Title: Joys of the night
Post by Ungweliante on May 19^th, 2008, 9:52pm

It's 04:38 in the night and I'm up. Yeah, another attack. I just tried 100% oxygen administered through a high-quality CH mask I ordered all the way from Denmark at 10 liters / minute and it did absolutely nothing for the attack.

I've also been munching 120 mg of verapamil per day, which led to incredible bloating and constipation and had to be discontinued. 9mg of melatonin before bed did absolutely nothing for the attacks either. Current treatment is 1200mg of valproic acid per day, at two 600mg doses...and the effect is, you guessed it, nada, zero, zilch, nothing. Been taking it since 12th of this month, 900mg per day since 6th day and 600mg since 26th of last month. I mentioned lithium to the neuro I've been seeing and he seemed kinda apprehensive. Apparently it's "bad stuff". At least the neuro is really sweet, and would prolly prescribe it, if really necessary.

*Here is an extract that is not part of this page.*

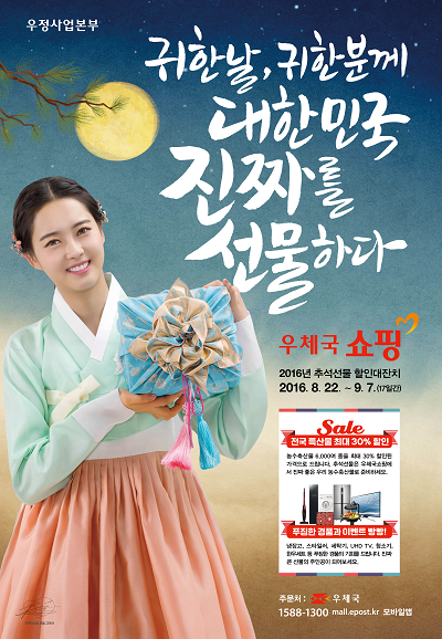 부산지방우정청(청장 정한근)은 8월 22일부터 9월 7일까지 '2016년 추석선물 할인대잔치'를 열고 6천여 종의 우리특산물을 최대 30%까지 할인 판매한다고 밝혔다.

So far the -only- thing which is helping is steroids. I seriously need to find something that works. I really really do. Like perhaps stop eating and sleeping, seeing as those two things seem to be major triggers for these attacks?

...sigh. I hope I didn't depress anyone with this.

Rosa

Title: Re: Joys of the night
Post by Brew on May 19^th, 2008, 9:59pm

on 05/19/08 at 21:52:00, Ungweliante wrote:

I mentioned lithium to the neuro I've been seeing and he seemed kinda apprehensive. Apparently it's "bad stuff".

Then your neuro is a sweet idiot. You should give it a try. Either by itself or in combination with verapamil. Many here have found it to be a magic bullet, myself included.

Title: Re: Joys of the night
Post by barry_sword on May 19^th, 2008, 10:47pm

Hi, and sorry you are getting hit. This is just me but I needed 480 mg Verapamil daily, the lower doses did nothing, but my CH's backed off once I went to 480 mg daily.

I hope you find what work's for you, and the o2 must be taken at the very first sign of an on-coming hit, and at 15 LPM to saturate your system ASAP!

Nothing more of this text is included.